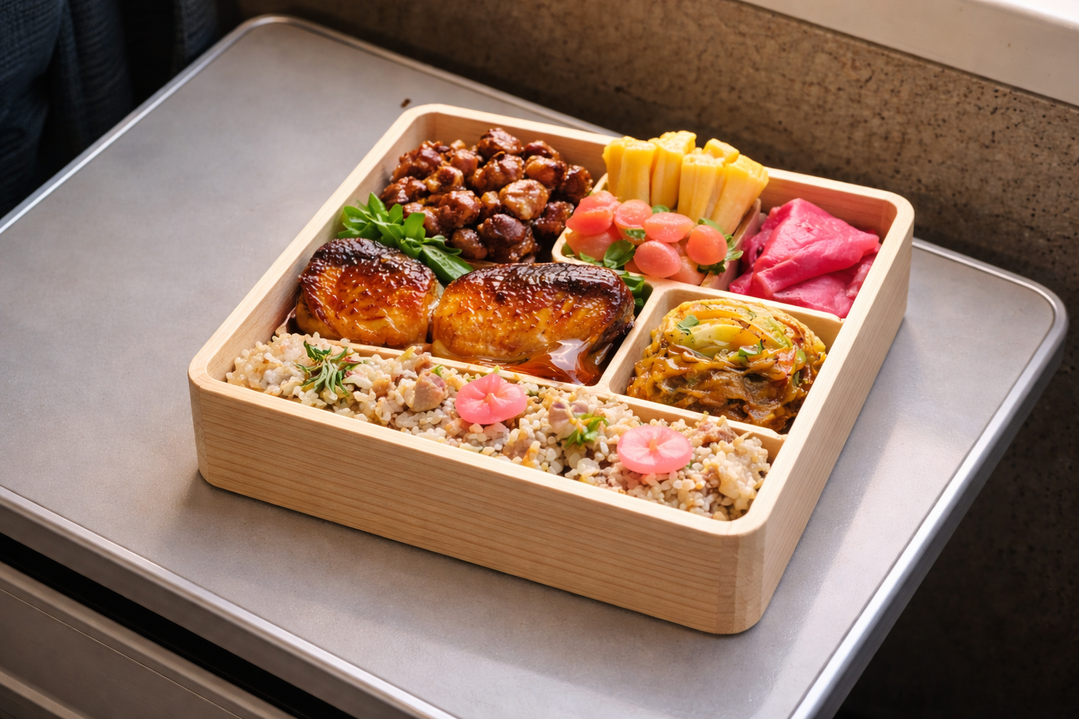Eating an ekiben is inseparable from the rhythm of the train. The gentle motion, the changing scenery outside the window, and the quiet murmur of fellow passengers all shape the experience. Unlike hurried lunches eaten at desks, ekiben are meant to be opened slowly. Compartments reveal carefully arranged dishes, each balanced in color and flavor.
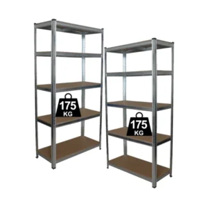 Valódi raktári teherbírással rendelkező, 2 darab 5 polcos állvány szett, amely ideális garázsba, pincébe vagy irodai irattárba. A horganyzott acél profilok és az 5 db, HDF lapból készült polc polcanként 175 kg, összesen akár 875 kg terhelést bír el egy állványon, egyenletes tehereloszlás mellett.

==============================

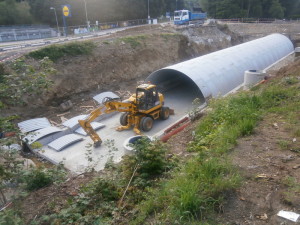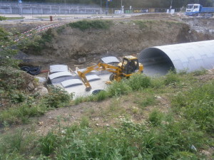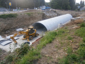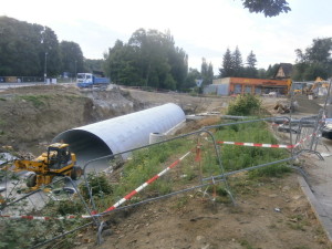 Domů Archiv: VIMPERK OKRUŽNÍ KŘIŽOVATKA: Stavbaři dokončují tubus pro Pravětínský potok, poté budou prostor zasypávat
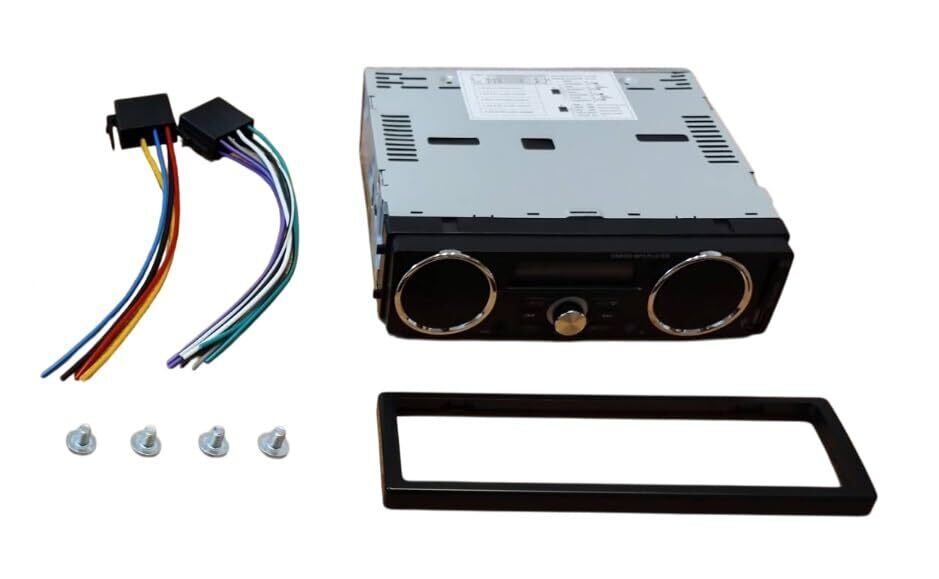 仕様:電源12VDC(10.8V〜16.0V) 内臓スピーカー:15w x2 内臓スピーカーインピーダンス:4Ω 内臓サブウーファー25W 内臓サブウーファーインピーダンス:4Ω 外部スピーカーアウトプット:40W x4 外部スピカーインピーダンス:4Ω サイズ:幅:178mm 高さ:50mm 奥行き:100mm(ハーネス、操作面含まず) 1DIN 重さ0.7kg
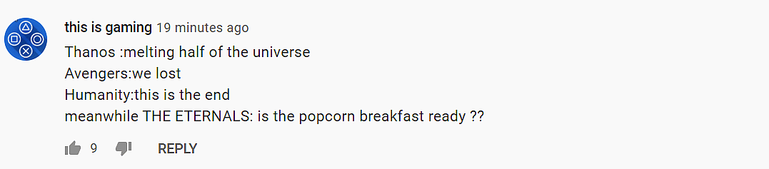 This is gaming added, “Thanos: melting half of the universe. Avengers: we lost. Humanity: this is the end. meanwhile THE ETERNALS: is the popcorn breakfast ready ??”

==============================

Your answer should consist of the lines above between those holding "Eating an ekiben" and "Valódi raktári teherbírással", inclusive, reproduced word for word and without pictures.

Eating an ekiben is inseparable from the rhythm of the train. The gentle motion, the changing scenery outside the window, and the quiet murmur of fellow passengers all shape the experience. Unlike hurried lunches eaten at desks, ekiben are meant to be opened slowly. Compartments reveal carefully arranged dishes, each balanced in color and flavor.
 Valódi raktári teherbírással rendelkező, 2 darab 5 polcos állvány szett, amely ideális garázsba, pincébe vagy irodai irattárba. A horganyzott acél profilok és az 5 db, HDF lapból készült polc polcanként 175 kg, összesen akár 875 kg terhelést bír el egy állványon, egyenletes tehereloszlás mellett.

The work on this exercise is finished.